Rapid responses in skeletal muscle during altered contractile activity. A) Expression of genes suppressed by 12 hours of inactivity but restoration with 4 hours of exclusively very low-intensity physical activity (intermittent walking at 0.3 mph and standing). B) Expression of genes that are resistant to quickly being restored after prolonged inactivity (12 hours). There was also a smaller cluster of genes whose elevated gene expression during 12 hours of inactivity did return to active control levels after 4 hours of low-intensity physical activity (data not shown). A and B are adapted from reference . C) Suppression of muscle LPL activity by 12 hours of inactivity and complete restoration by 4 hours of low-intensity physical activity. Adapted from reference . D) Lipid phosphate phosphatase-1 (LPP1) gene expression in response to prolonged sitting and exercise in human skeletal muscle. Exercise did not impact LPP1 expression while the removal of daily standing/ambulation suppresses its expression thus providing evidence that the expression of some genes may be more responsive to the balance between muscle inactivity and high duration low intensity physical activity than more intense exercise. Adapted from reference .

Figure 2

Activation of skeletal muscle recruitment over the physical activity continuum is fiber type dependent. Activity at the lower end of the physical activity continuum primarily activates slow oxidative muscle fibers that are fatigue resistant and rich in enzymes and other proteins favoring high rates of metabolism of glucose and lipids. In contrast, fast glycolytic muscle fibers are rarely recruited during low intensity physical activity. Both types of muscle are activated at maximal intensity, yet for only brief duration before extreme fatigue. There is an exponential risk of injury and fatigue as intensity is increased. Adapted from reference .

Figure 3

LPL activity in different muscle fiber types after 12 hours of inactivity compared with low-intensity activity. LPL activity was assessed in the slow twitch red (STR) soleus muscle, the fast twitch red (FTR) vastus intermedius, the fast twitch white (FTW) rectus femoris, and the diaphragm (which is a mixed skeletal muscle with continual activity and served as a control for systemic responses). Figure adapted from reference (59).

Figure 4

Time spent in sedentary and non-sedentary activities. A) Quartiles of daily sedentary (sitting) time assessed with activPal inclinometer in addition to non-exercise behaviors (standing and incidental stepping). There was a 29 hour/week difference in the average sedentary time and total time in all physical activity between the average of the 1^st and 4^th quartiles of 92 women 40–75 yrs (Zderic, unpublished observations).

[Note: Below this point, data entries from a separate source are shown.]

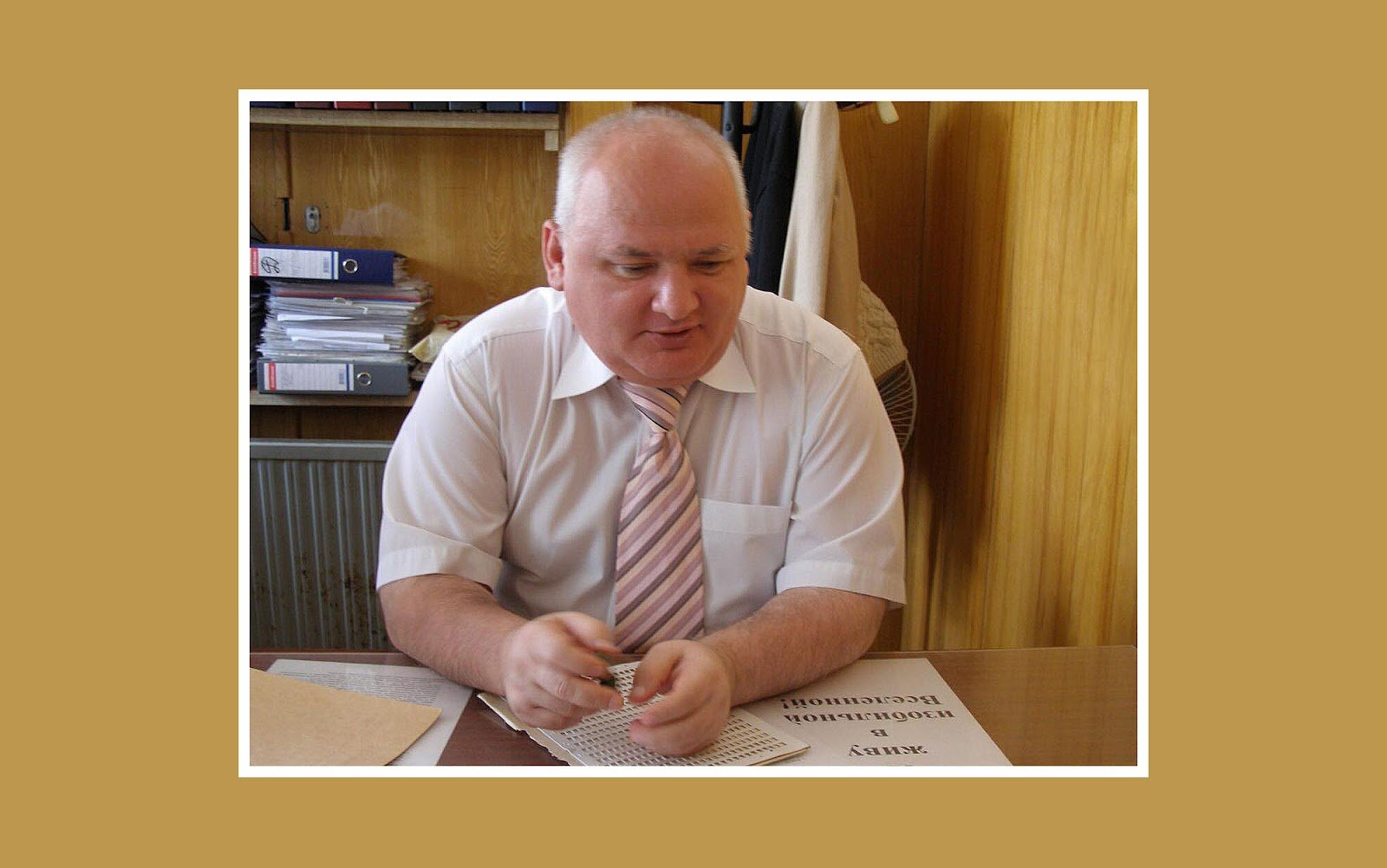Тифлокомментарий: цветная фотография. За столом в кабинете сидит Руслан Дзалаев — полноватый мужчина лет пятидесяти. У него седые коротко стриженные волосы, круглое добродушное лицо. На Руслане белая рубашка с коротким рукавом и галстук с бежевыми и розовыми полосками. На столе перед ним лежит прибор для письма по Брайлю, позади на полке стопкой уложены папки и файлы с бумагами. Руслан, жестикулируя, говорит о чем-то с легкой улыбкой.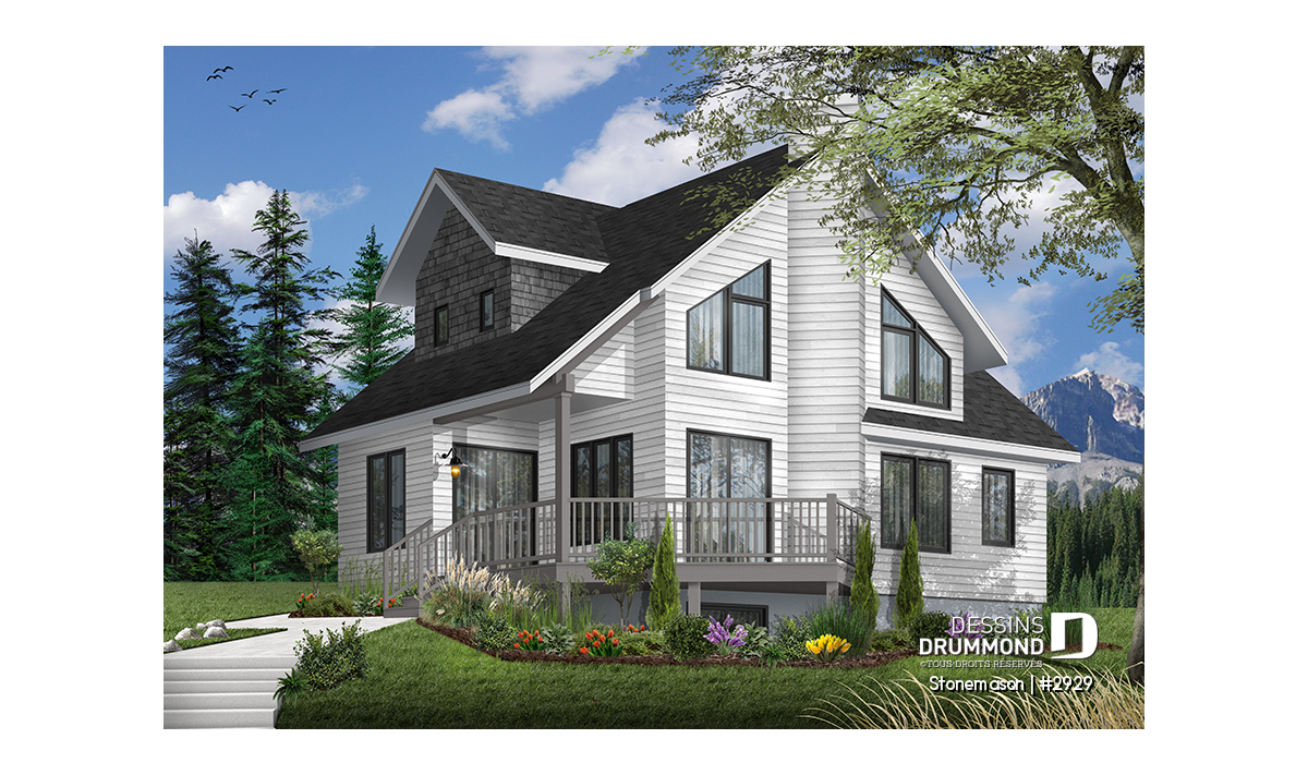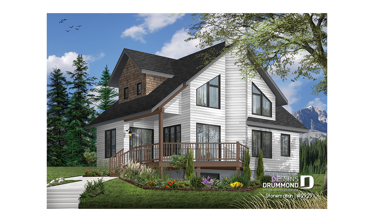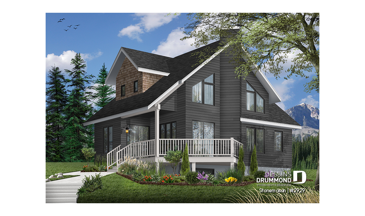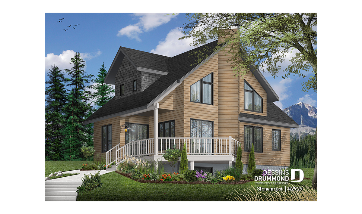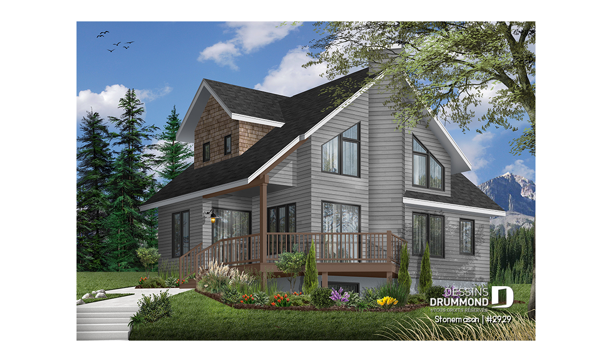 Plan de maison / chalet rustique, grand vestiaire, grand salon, 2 chambres, 2 s.bain, mezzanine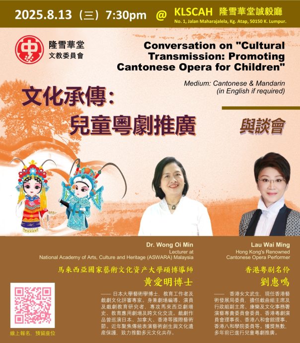 隆雪华堂文教委员会将于2025年8月13日(周三)下午7时30分,在隆雪华堂诚毅厅举办“文化承传:儿童粤剧推广”中粤双语与谈会,免费入场,欢迎公众参与。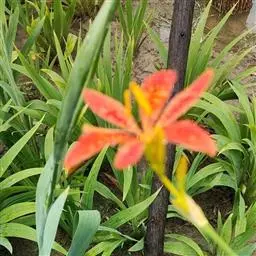 射干(学名:Belamcanda chinensis (L.)Redouté)为多年生草本。根状茎为不规则的块状,斜伸,黄色或黄褐色;须根多数,带黄色。茎直立,茎高1~1.5米,实心。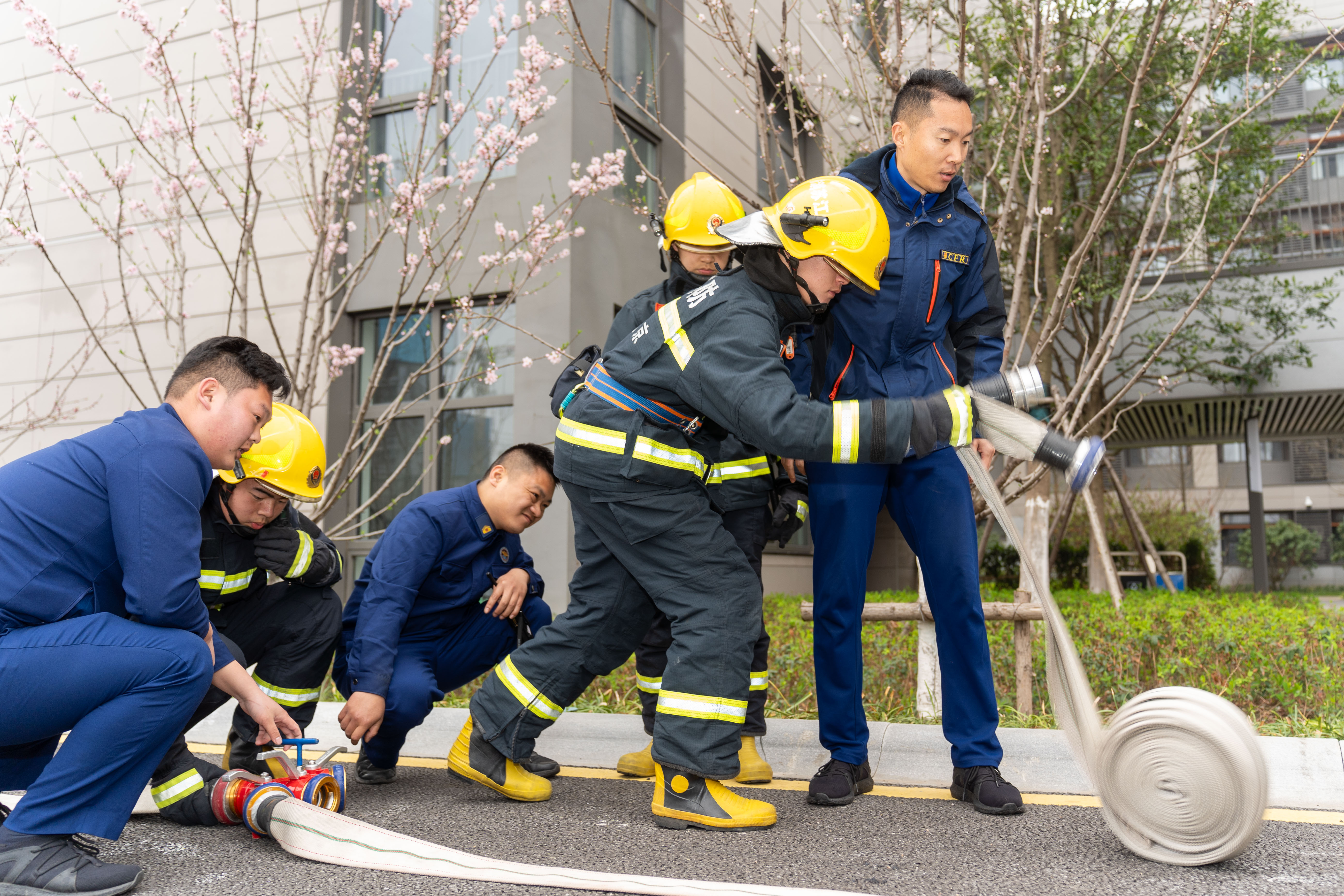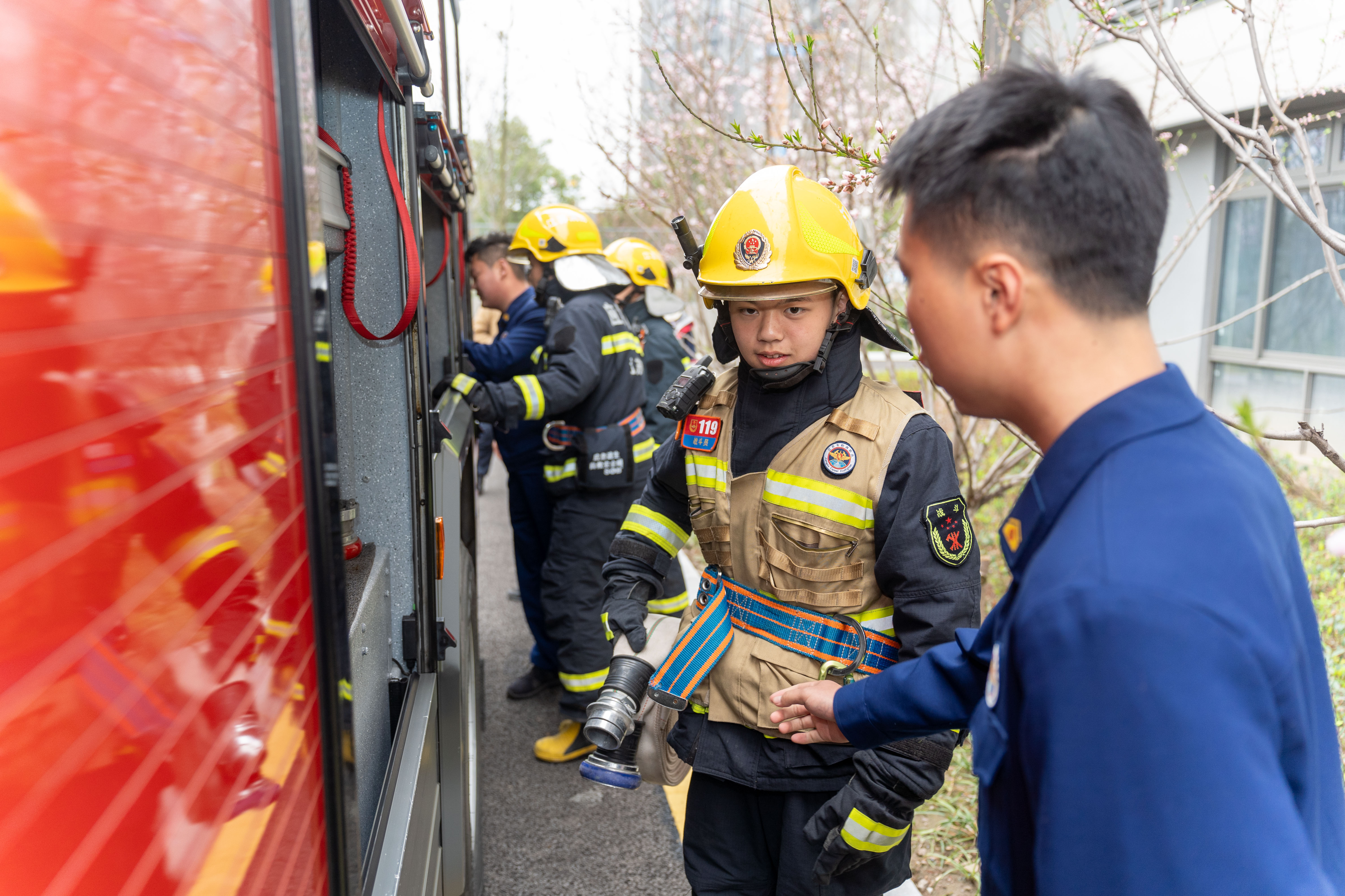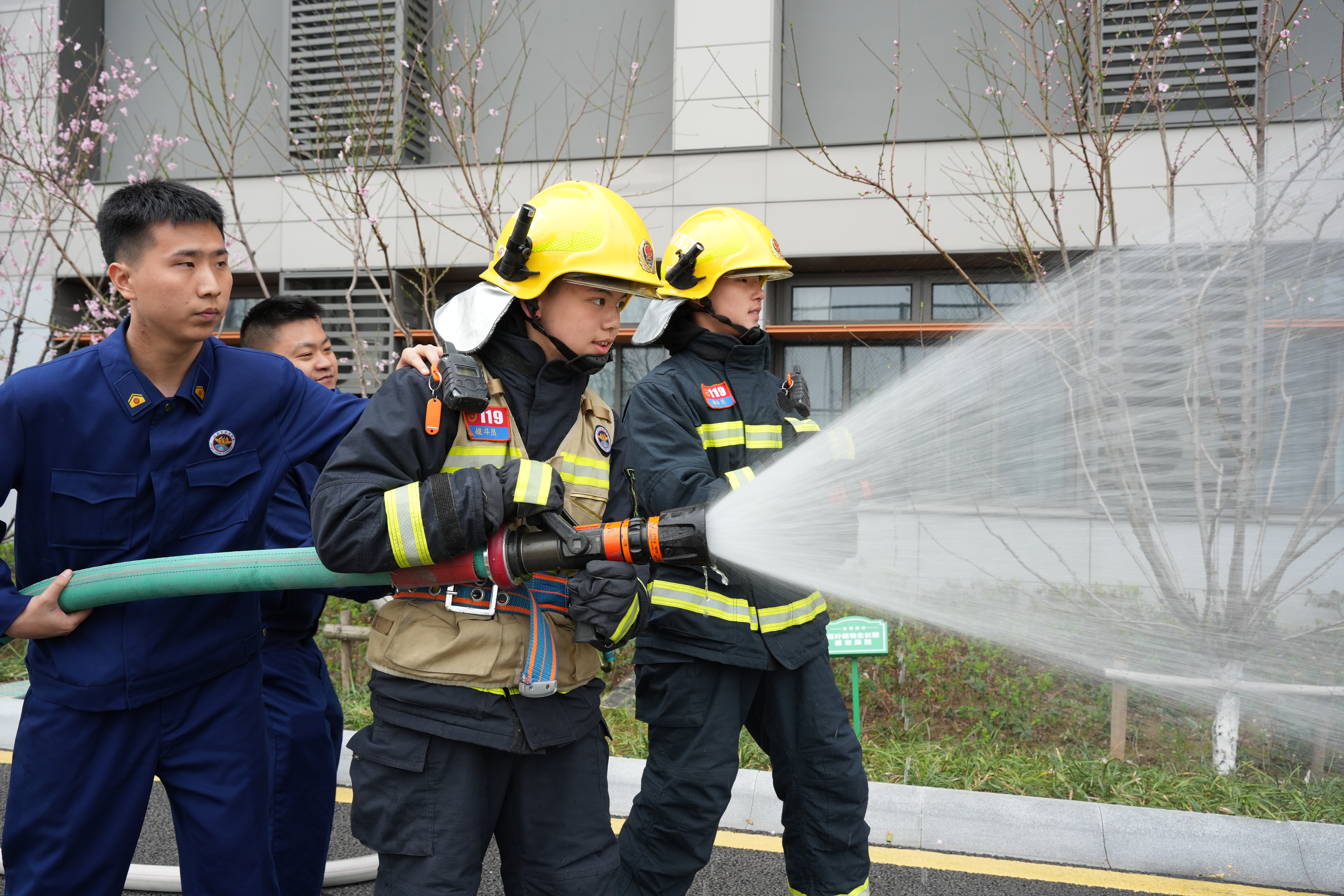 仅20分钟的水带铺设出水训练,4位男生脸上已经出现了密密麻麻的汗珠,“水枪真的很沉,水压很大,消防员工作太辛苦了!”这一体验也让在场的同学们对消防工作有了更直观、更真实的感受。

Thus from a public health standpoint, there is potential for large reductions in type 2 diabetes by targeting safe and feasible strategies to move the most sedentary people into the range of the least sedentary (i.e. most time of total non-sedentary activity). Sedentary behavioral differences on par with this large magnitude of time have revealed strong associations with type 2 diabetes (and metabolic syndrome) risk (see Table 1), as well as the underlying clinical biomarkers precipitating disease (e.g. hyperinsulinemia and plasma triglycerides) in persons at high risk for diabetes or already diagnosed with disease. B) Comparison of the amount of total daily sitting, standing, and stepping in 3 groups of women with large differences in the amount of time spent exercising. Notice that exercisers were not less sedentary over the whole day, even for individuals exercising up to a duration of ~300 min/week. Values are expressed as means with SEM bars. Figure 4B adapted from reference (12).